The State Department website is going to “audio stream” tonight’s State of the Union address by President Bush in several languagues.
From a State Department release:
President George W. Bush will deliver the annual State of the Union Address to a Joint Session of Congress, Tuesday, January 31, 2006. The Department of State will provide live audio streams of the State of the Union Address at 9:00 pm EST (0200 GMT) in the following languages:
English, Arabic, Farsi, Bahasa Indonesian, Spanish, French, Russian.
To access these streams, log onto www.state.gov.
At 1:00 am EST (0600 GMT) Wednesday, February 1, audio files of the following languages will also be available:Portuguese, Swahili and Turkish.
At 12:00 pm (1700 GMT) on Wednesday, February 1, an audio file in Hausa will be available.

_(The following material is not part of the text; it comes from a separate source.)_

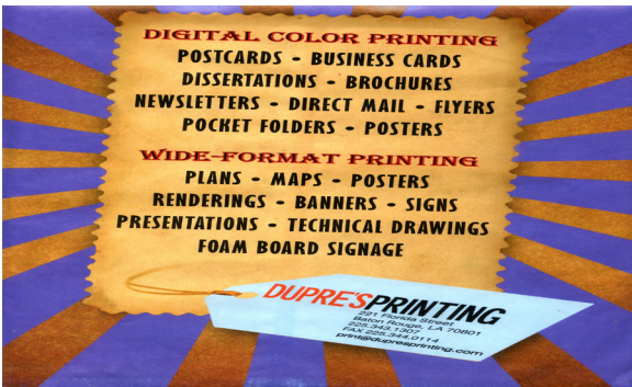
Dupree Printing Courtesy Bag

Additionally, these audio streams will be available as podcasts on Wednesday, February 1 at 12:00 pm (1700 GMT).
I am actually glad that the State Department is reaching out to people across the English language wall, but there are some obvious missing biggies:
Mandarin, Cantonese, Hindi, Korean, Japanese
Asia has some of the densest points of DSL deployment in the world, particularly in South Korea, Japan, Singapore, Taipei, and Hong Kong.
Many of the targeted language groups have low internet penetration, though some may tune in anyway.
But a question for State, will the rebuttal also be aired?
To show that America has some belief in “the rights of the political minority” not airing the rebuttal would send all the wrong signals.